Monday, October 15, 2007

Shield is for reporters, but the public gets the benefit

The U.S. Senate has already passed and the House of Representatives is scheduled to consider for passage this week an eminently reasonable law designed to allow reporters to serve the public without an undo fear of ending up in jail.

We are sure that there are those who will claim that a reporters’ shield law will hamstring federal prosecutors. Indeed, special prosecutor Patrick Fitzgerald made just such a claim in a piece he wrote recently for the Washington Post.

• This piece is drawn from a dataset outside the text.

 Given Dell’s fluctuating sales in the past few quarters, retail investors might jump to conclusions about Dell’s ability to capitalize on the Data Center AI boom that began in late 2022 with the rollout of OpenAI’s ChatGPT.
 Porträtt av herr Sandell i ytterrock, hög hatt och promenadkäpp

Fitzgerald is actually something of a poster boy for passage of the law. It was he who demanded that a New York Times reporter, Judith Miller, be jailed for refusing to cooperate in his investigation of a leak of the identity of CIA agent Valerie Plame. Miller ended up spending 85 days in a federal cell. No one else connected with the case did a day. The only person convicted of a crime by Fitzgerald was Lewis “Scooter” Libby, Vice President Cheney’s chief of staff. Libby’s jail sentence was commuted by President Bush.

It’s difficult to imagine the president lifting a finger to keep a reporter out of jail. The Bush Administration is certainly not alone in its belief that reporters should mind their own business, but it is has taken to new heights efforts to plug leaks and to accuse reporters of endangering national security when all they are really doing is informing the public.

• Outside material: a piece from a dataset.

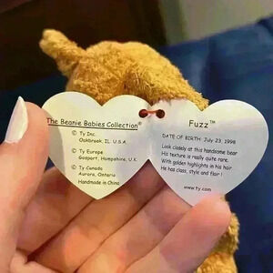 1999 Fuzz the bear, Ty beanie baby, retired with errors
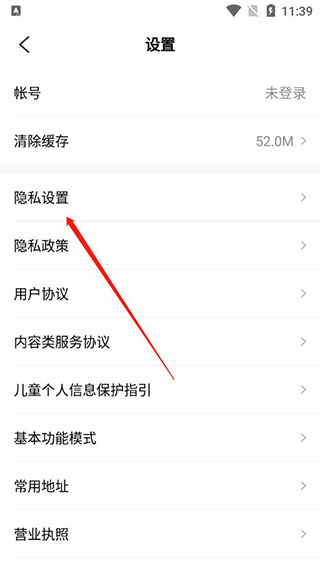 进入后点击隐私设置;

But the idea that reporters aren’t supposed to tell the public anything that people in power want to keep secret is not new.

Historical view

Back when the nation was being founded there were those who wanted to silence the press. “If I had to choose between government without newspapers and newspapers with government, I wouldn’t hesitate to choose the latter,” a young Thomas Jefferson told the would-be censors. Admittedly, after he became president, Jefferson’s view of the dynamic between the press and government shifted toward the government.

That turn of events only strengthens the point that a free press is a necessary bulwark against an overwhelming government. Politicians — even great ones like Jefferson — come and go. But the power of the people should remain constant. And if the only information that people have is that which is spoon fed to them by politicians, then the people really have no power.

The First Amendment, which protects a free press, has served the nation well for centuries. In the last half of the 20th Century, courts provided a free press with considerable latitude, and the cases of reporters being jailed for refusal to expose their confidential sources were rare.

Legal protection

But the reporters who feel a need to protect their sources can no longer rely on the interpretations of individual judges to keep them out of jail and allow them to do their work. That’s where a shield law comes into play.

The Senate has approved the Free Flow of Information Act, which was introduced by Sen. Arlen Specter, R-Pa., the ranking minority member on the Judiciary Committee. The law has been carefully crafted so that legitimate issues of national security are protected. History shows that government officials who intimidate reporters by demanding their sources and threatening them are more often concerned about stories that were embarrassing or political damaging — not threats to national security.

The House, with the support of all members of our local delegation, should follow the Senate’s lead and pass the shield bill.

While any reporter prefers to write a story based on information provided by sources who go on the record, some stories can only be written based on information provided by sources who require or demand anonymity.

The public welfare is often served by those stories and the public welfare will be served by passage of a shield law that gives journalists an ability to report on some of the most important issues of the day without being dragged into court — or into jail.